– Un bebé es algo más personal que un par de calcetines -dijo haciendo un esfuerzo. Pero tenía que estar segura-. Es el regalo más grande del mundo.

– Es lo que él dice -la mujer sonrió, escondiendo en su sonrisa un sinfín de secretos, y tocó los dedos del bebé-. Y aunque él me deje algún día, yo tendré a esta criatura, que es su hijo.

– ¿Cuánto tiempo tiene? -le preguntó Abbie.

Los celos la quemaban por dentro.

– Doce semanas -la mujer acarició el pelo negro que asomaba la cabecita del bebé-. Nació después de Semana Santa.

Cuando Abbie había estado en África, en un campo de refugiados. ¿Habría estado Grey con aquella mujer, tomándole la mano, animándola en el trabajo del parto? ¡No! Su corazón se rebeló. No era posible.

Se inclinó hacia el cochecito, tapándose la expresión atormentada con el pelo que le caía por delante de la cara. Cuando vio al niño dormido de cerca, se puso lívida.

– Es hermoso -dijo Abbie con una voz que parecía venir de un lugar muy lejano.

Era tan hermoso como lo había sido su padre de pequeño.

Abbie recordó el momento en que había visto sus fotos de pequeño, cuando habían limpiado y ordenado la casa de su padre, hacía un año. Grey había sido un bebe de ojos brillantes y lleno de rizos.

Y el niño que tenía delante podría haber sido su hermano mellizo.

– ¿Cómo se llama? -preguntó ella. Se alegraba de no dar un grito de dolor y poder seguir conversando con la mujer.

– Matthew.

– ¿Matthew?

No se llamaba Grey. Al menos no le había hecho eso. Pero le alcanzaba con lo demás.

Matthew Lockwood. Fundador de Lockwood, representante de Verjas y Praderas. El padre de Grey, su querido y amable suegro, que había muerto hacía un año. El niño llevaba su nombre.

– Es un nombre muy bonito -dijo enseguida-. Su…

¿Cómo lo llamaría? ¿Amigo? ¿Amante? Se negaba a ponerle ese nombre.

– Debe de estar muy contento.

La mujer se inclinó hacia el niño y tocó al bebé. Éste le apretó el dedo con su manita.
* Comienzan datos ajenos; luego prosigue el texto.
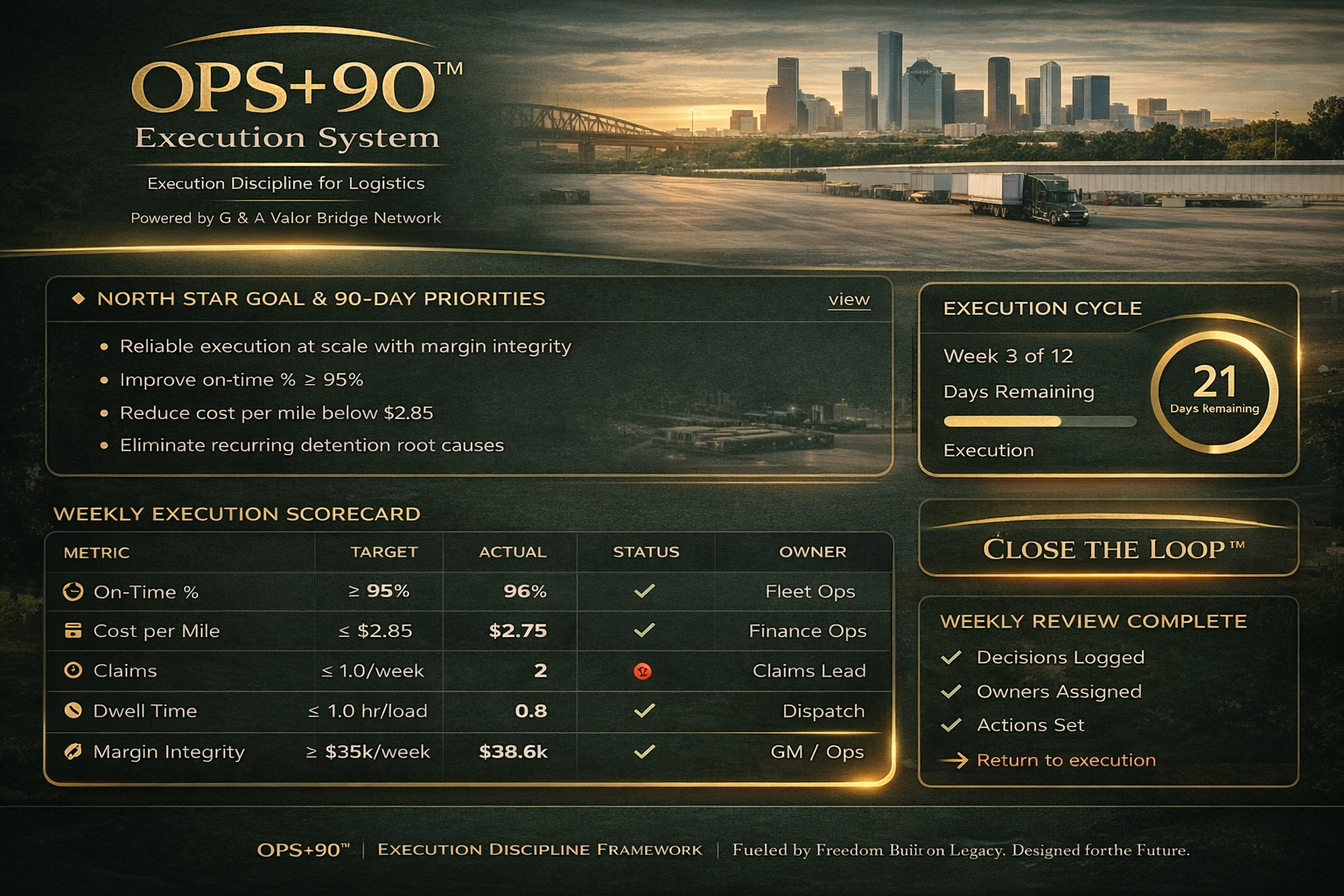 OPS+90 installs a repeatable cadence that keeps your operation inside standards — so you don’t underprice, don’t accept margin-eroding freight, and don’t scale chaos.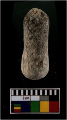 | Description / विवरण | A complete specimen of a red ware gamesman. It is cylindrical in shape with falring base and tapering body and slightly truncated at the end. It is burnt |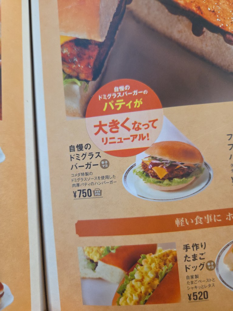 一口かじると、肉厚なパティから溢れる肉汁と、コメダ特製のドミグラスソースが絶妙に絡み合い、しっかりとした満足感を与えてくれます。そのボリューム感は、まるで本格的なハンバーグをそのまま挟み込んだかのよう。食べ応えも抜群で、「今日はしっかり食べたい」という気分にぴったりの一品でした。これまで“ハンバーガーを食べるなら別の店”という選択肢もありましたが、コメダもその候補にしっかり加わったと感じます。

– Sí, está loco con el niño. Lo ve siempre que puede. Pero no es fácil para él -se encogió de hombros-. Su esposa jamás le concedería el divorcio.

Abbie se enfadó.

– ¿No le daría el divorcio? -preguntó, irritada.

Ahora sabía con seguridad que Grey la estaba engañando. Tenía una amante desde hacía por lo menos un año. Y en cierto modo también estaba engañando a aquella mujer, con sus mentiras. ¿Cómo se la habría descrito? ¿Sabía la madre de su hijo que cuando él dejaba su cama, cuando volvía a su casa, le hacía el amor a su esposa dulcemente? ¿Como si no existiera otra mujer para él?
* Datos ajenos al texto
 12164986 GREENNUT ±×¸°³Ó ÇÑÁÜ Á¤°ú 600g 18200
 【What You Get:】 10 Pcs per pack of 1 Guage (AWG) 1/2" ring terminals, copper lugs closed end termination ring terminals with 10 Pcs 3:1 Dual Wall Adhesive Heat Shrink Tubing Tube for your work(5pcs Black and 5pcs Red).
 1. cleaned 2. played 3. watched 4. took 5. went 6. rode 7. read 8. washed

Pero no era la única mujer. ¿Cómo podía hacer eso él? El hombre al que amaba, al que creía conocer, se había convertido de pronto en un extraño. Un extraño que podía sonreírle como si su corazón le perteneciera por entero, que podía decirle que la amaba, con el sabor de los besos de aquella mujer aún en los labios. Aquella idea era como un cuchillo en su corazón. ¿Cómo no había sospechado antes todo aquello? ¿Cómo no había visto el engaño en sus ojos?

Sólo la rabia la hacía fuerte como para estar allí con Emma, con la cabeza alta, dispuesta a saber hasta dónde llegaban las mentiras de Grey.

– ¿Y le ha pedido el divorcio a su esposa?

La mujer se encogió de hombros y sonrió brevemente.

– Yo no se lo permitiría. Un divorcio difícil le traería demasiados problemas. Con su trabajo -tomó la mano del bebé distraídamente, y miró a lo lejos para disimular las ganas de llorar-. Y no podemos permitir que papá pase por todo eso, ¿no, cariño? -le dijo la mujer al niño. Y el bebé le sonrió tiernamente.

Era una pesadilla. Una pesadilla de la que no podría despertar. Pero Abbie prefirió seguir adelante. Cuanto más la hiriese el cuchillo, mejor. Sería mas fácil odiarlo, algo que antes le parecía imposible.

– El divorcio no le interesa, ¿de verdad? -insistió ella. Luego agregó-: A no ser que él sea su médico…

– ¡Oh, no! -exclamó Emma, horrorizada-. Él es… -dudó un momento, como si no debiera decir su profesión. -Él es abogado.

– ¡Ah! Comprendo.

Ya no había dudas. Se había cerrado toda posibilidad de escapatoria.

Uno de los socios de Grey había sido obligado a renunciar a su puesto por haber tenido un lío con una de sus clientes.

Miró la mano de la mujer que tocaba los deditos del bebé. Tenía una marca. Como si alguna vez hubiera usado una alianza. ¿Habría conocido así a Grey? ¿Llorando la separación de su marido en su oficina?

¡Imposible no ofrecer a una criatura hermosa como aquélla un hombro donde llorar! ¡Qué fácil le había sido involucrarse emocionalmente con alguien cuando su mujer estaba de viaje!

– No me importa, realmente. Yo sabía desde el principio que él no la dejaría nunca, y lo acepté. Por lo menos tengo a Matthew.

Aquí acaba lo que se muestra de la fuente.